> [Data shown]
· · · ·
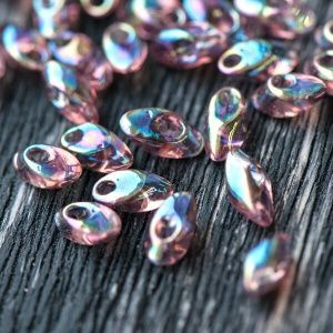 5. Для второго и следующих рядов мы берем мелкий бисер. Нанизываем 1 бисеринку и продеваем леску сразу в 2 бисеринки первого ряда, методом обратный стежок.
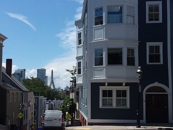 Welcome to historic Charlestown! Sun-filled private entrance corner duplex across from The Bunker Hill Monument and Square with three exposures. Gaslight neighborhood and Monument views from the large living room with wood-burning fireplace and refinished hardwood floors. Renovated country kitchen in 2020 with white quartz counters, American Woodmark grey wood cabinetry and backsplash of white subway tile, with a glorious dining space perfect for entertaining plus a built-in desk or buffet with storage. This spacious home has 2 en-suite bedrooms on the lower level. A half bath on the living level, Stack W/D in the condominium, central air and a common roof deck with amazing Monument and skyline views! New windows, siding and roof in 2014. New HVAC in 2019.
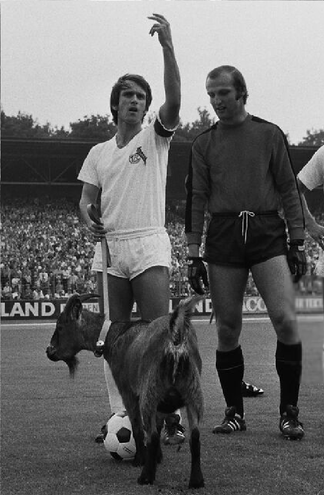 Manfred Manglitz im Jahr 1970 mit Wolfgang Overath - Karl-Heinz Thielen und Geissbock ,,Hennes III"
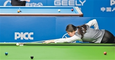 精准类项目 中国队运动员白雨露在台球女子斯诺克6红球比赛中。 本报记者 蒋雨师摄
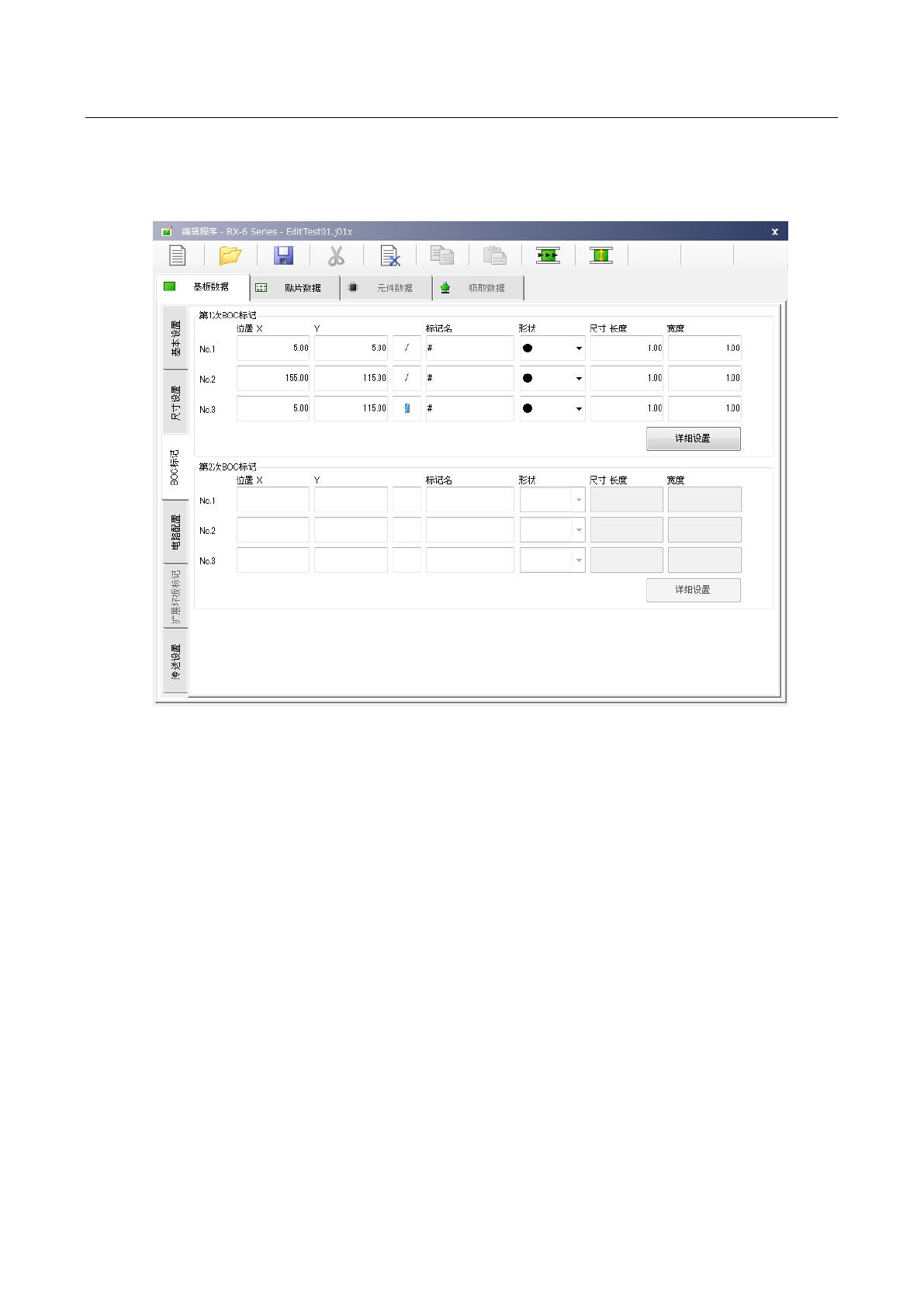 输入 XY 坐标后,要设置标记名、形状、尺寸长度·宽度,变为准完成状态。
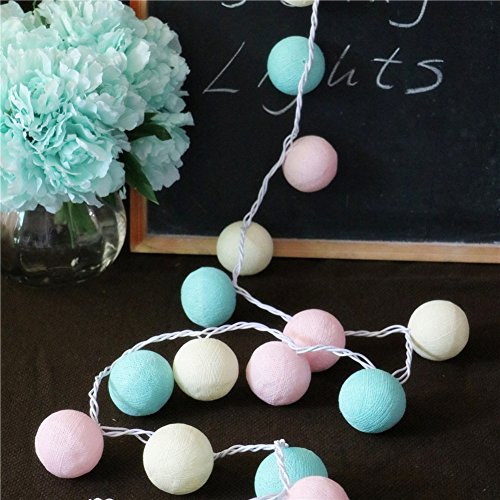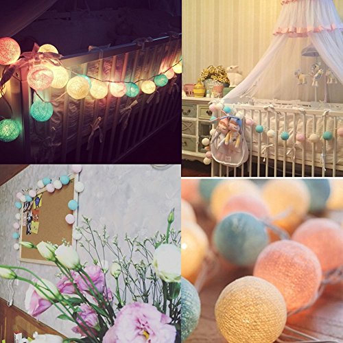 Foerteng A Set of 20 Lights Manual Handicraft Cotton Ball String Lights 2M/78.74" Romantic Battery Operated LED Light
· · · ·
> [Work task]
Return nothing except the lines from the one containing "Welcome to historic" through the final line of the data, copied exactly. Leave out all pictures.

> [Completed task]
 Welcome to historic Charlestown! Sun-filled private entrance corner duplex across from The Bunker Hill Monument and Square with three exposures. Gaslight neighborhood and Monument views from the large living room with wood-burning fireplace and refinished hardwood floors. Renovated country kitchen in 2020 with white quartz counters, American Woodmark grey wood cabinetry and backsplash of white subway tile, with a glorious dining space perfect for entertaining plus a built-in desk or buffet with storage. This spacious home has 2 en-suite bedrooms on the lower level. A half bath on the living level, Stack W/D in the condominium, central air and a common roof deck with amazing Monument and skyline views! New windows, siding and roof in 2014. New HVAC in 2019.
 Manfred Manglitz im Jahr 1970 mit Wolfgang Overath - Karl-Heinz Thielen und Geissbock ,,Hennes III"
 精准类项目 中国队运动员白雨露在台球女子斯诺克6红球比赛中。 本报记者 蒋雨师摄
 输入 XY 坐标后,要设置标记名、形状、尺寸长度·宽度,变为准完成状态。
 Foerteng A Set of 20 Lights Manual Handicraft Cotton Ball String Lights 2M/78.74" Romantic Battery Operated LED Light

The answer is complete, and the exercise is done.